Did you know Log Insight has the notion of a master node and a leader node? Do you know the differences between the roles? Read on to learn more!
Master Node
The first node in a Log Insight cluster is always the master. All other nodes are known as workers. The master node is also a worker node. The notion of a worker does not really matter, but as you may have guessed, the notion of a master does matter. I often get asked, how do you make another node in the cluster the master? The answer is you don’t. The first node is always the master. If the first node goes offline, the master role does not move. If you permanently lose the first node, there is no way to promote a worker node to the master role.
What is the impact of the master node going down? While the role of the master node has changed over time, as of all supported versions of Log Insight, the only role the master node plays is serving the /admin/cluster page and all the features of that page. In short, if the master node is down, you cannot access the /admin/cluster page, and this means you cannot perform cluster operations such as entering maintenance mode, changing VIPs, or upgrading the cluster — all previously configured functionality on the /admin/cluster page continues to work even if the master node is down, but changes cannot be made.
What if you permanently lose the master node? Well, hopefully, you have a backup you can restore, but in the worst case, you can deploy a brand new node with the same version, same IP address, and same FQDN as the old master node. The node should automatically join the cluster shortly after booting.
Leader Node
Once you have a Log Insight cluster, a leader election occurs, and one of the nodes becomes the leader. Any node, including the master node, can become the leader. Only one leader will exist at a time. The leader role serves various purposes on the backend, but on the front-end, it simply serves as the node that hosts the VIPs.
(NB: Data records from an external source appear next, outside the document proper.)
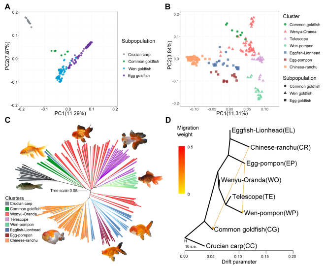 通過201個個體(16只野生鯽魚和185只代表性金魚變種,平均測序深度12.5 x)的系統(tǒng)發(fā)育樹構(gòu)建發(fā)現(xiàn)普通金魚與鯽魚親緣關(guān)系最近(圖4 A-C),進(jìn)一步結(jié)合系統(tǒng)發(fā)育樹和PCA分析確定各金魚變種的系統(tǒng)分化關(guān)系,區(qū)分普通金魚和卵金魚(無背鰭)和溫金魚(有背鰭),無背鰭金魚和有背鰭金魚進(jìn)一步分為不同的亞群。
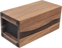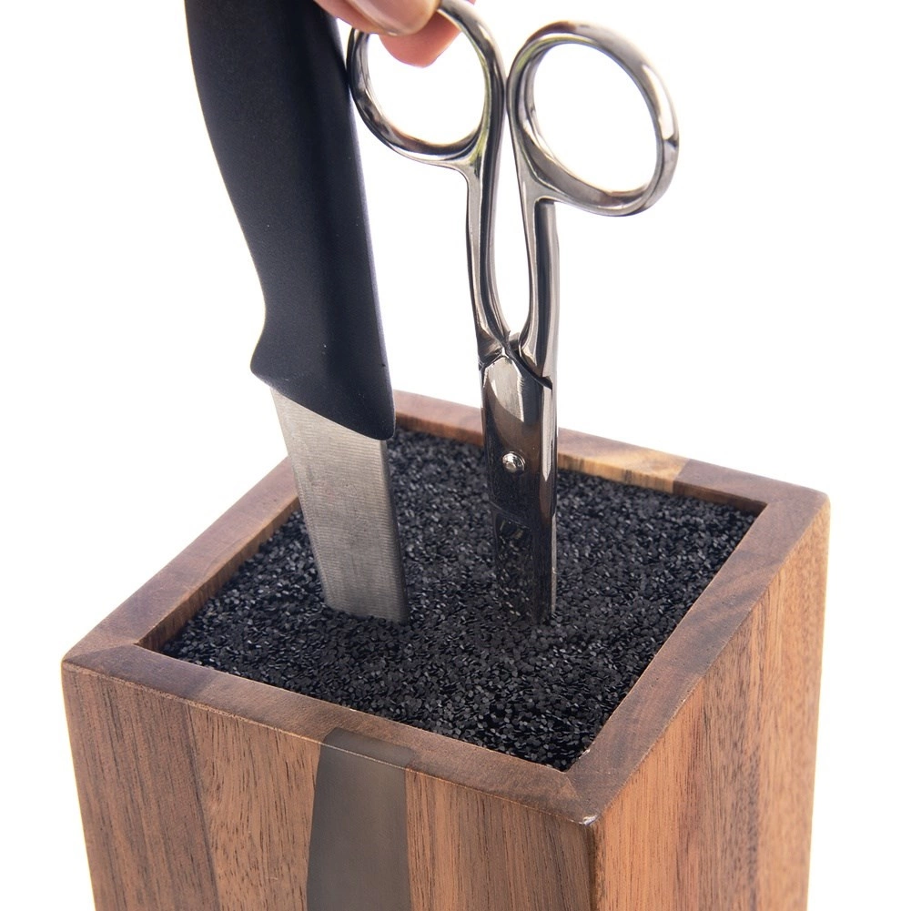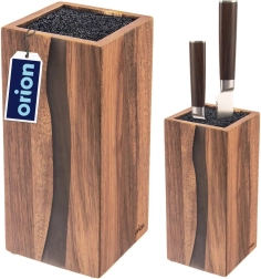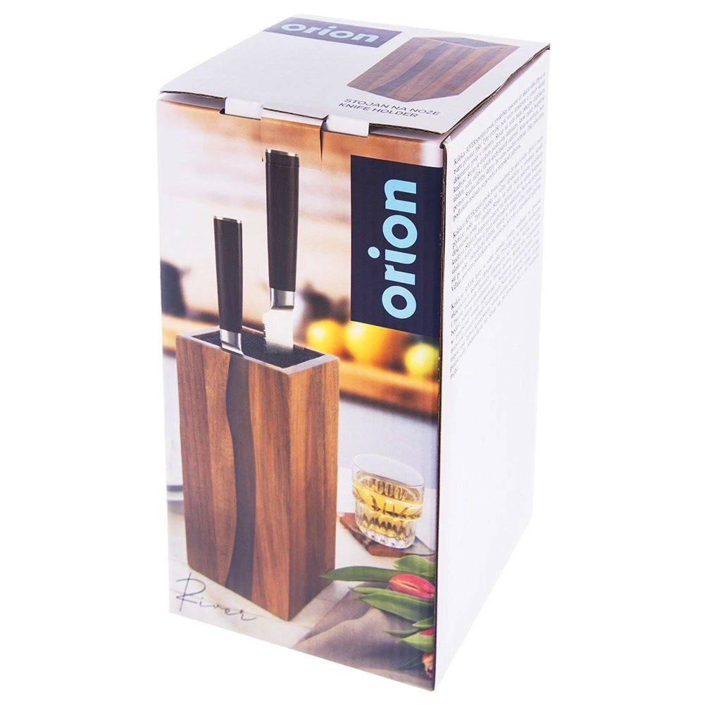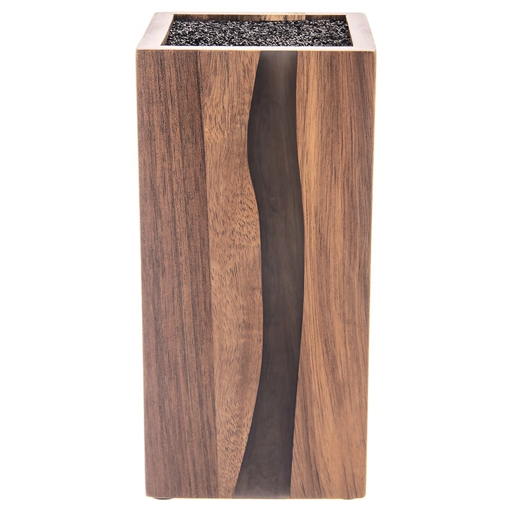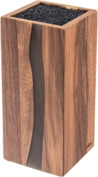 Stilīgais un funkcionālais RIVER nažu bloks ir izgatavots no kvalitatīva akācijas koka ar dekoratīviem sveķiem, kuru forma atgādina upes līniju. Pateicoties universālajai melnajai šķiedrai iekšpusē, iespējams ievietot jebkura izmēra un formas nažus, tostarp keramikas un tērauda, kā arī šķēres un mazākus virtuves piederumus. Šķiedru ieliktnis droši notur asmeņus bez fiksētām spraugām un minimizē asmeņu notrulināšanos.
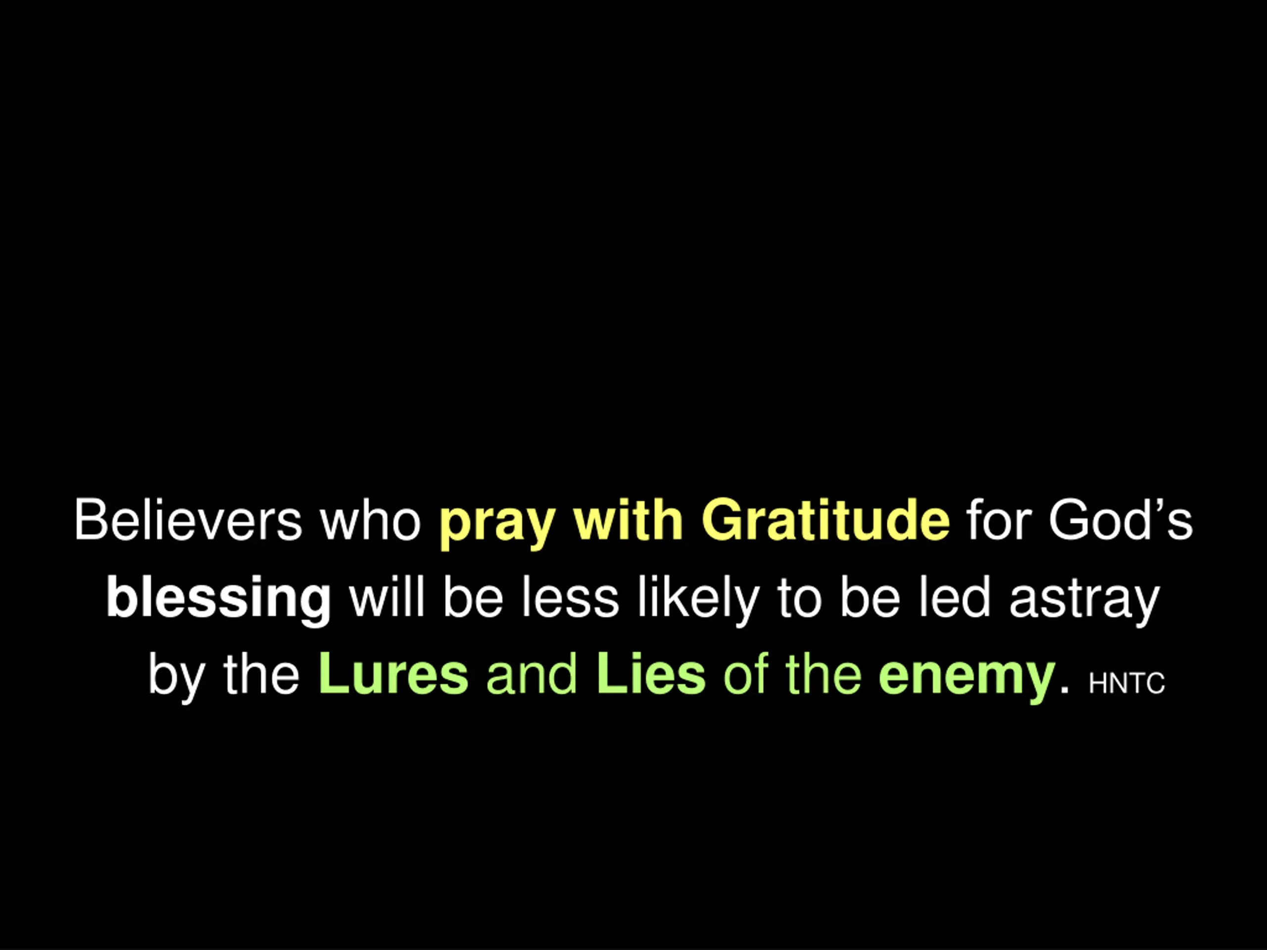 Believers who pray with Gratitude for Gods blessing will be less likely to be led astray by the Lures and Lies of the enemy. HNTC
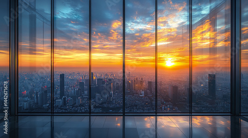 stunning sunset view from sleek glass building, showcasing vibrant city skyline

All configured VIPs are served on the leader, which means all ingestion and query traffic comes into the leader node. The traffic is then L4 load-balanced by the leader node to worker nodes in the cluster. In addition, it is the leader node that connects to configured integrations (e.g., vCenter and vROps).
What is the impact of the leader nodes going down? During the downtime, configured VIPs may be unavailable, and leader-specific operations will fail. The good news is that Log Insight detects when a leader is unavailable and performs a leader election, assuming the cluster still has quorum. When the election is over, a new leader is announced, which handles all the leader role responsibilities (e.g., VIP failover).
How do you determine which node is the leader? Visit the /admin/cluster page. Is it possible to fail over the leader? Sure, but this should never be necessary. Of course, a reboot of the leader node will do it, but you can also just put the node in maintenance mode on the /admin/cluster page.
Worker Nodes
All Log Insight nodes are worker nodes. The master node and leader node also perform worker responsibilities. When using the integrated load balancing functionality of Log Insight, the load is distributed across workers via L4 load balancing. Since workers perform all Log Insight actions, it is critical that all nodes have the same access to external systems — see the security guide.
Does only the leader node need access to the archive destination if configured? No, all nodes need access. Does event forwarding originate from the VIP (aka leader node)? No, from all worker nodes. Does only the leader node need access to vCenter/vROps? No, all worker nodes need access.
© 2018 – 2021, Steve Flanders. All rights reserved.
Thanks for explanation Steve.
I suppose the leader is the node with (ILB) after the IP address on the /admin/cluster/ page?
It may be worth to say that this leader node VM shows the ILB IP address as a second network interface/IP address on VM level in addition to its own.
This may have impacts in IP address inventory systems, if the ILB address is a separate inventory entry there (like “Service IP”): It will be shown as a “duplicate” IP address at the leader node in this inventory system.
Good point — let me update the post.
What would happen if the master node A.K.A Web UI node goes down and doesnt come back up.? I know we should have a backup of the VM and i assume if we restore the backup everything might be fine BUT what if a backup is not applicable. Would re-building the node and re-joining fix the master node issue ?
disregard, i read this: What if you permanently lose the master node? Well, hopefully you have a backup you can restore, but in worst case you can deploy a brand new node with the same version, same IP address and same FQDN as the old master node. The node should automatically join the cluster on shortly after booting.
What if you permanently lose the master node? Well, hopefully you have a backup you can restore, but in worst case you can deploy a brand new node with the same version, same IP address and same FQDN as the old master node. The node should automatically join the cluster on shortly after booting.
Regarding this Steve, i attempted to try to bring down the Master by deleting it, and re-building it, it did not automatically join and admin page kept crashing. Currently using the new Log Insight 4.8. I also wonder if the backup wouldn’t work as well.
Hey John — Try manually copying the config XML from /storage/core/loginsight/config to the new master and restarting it.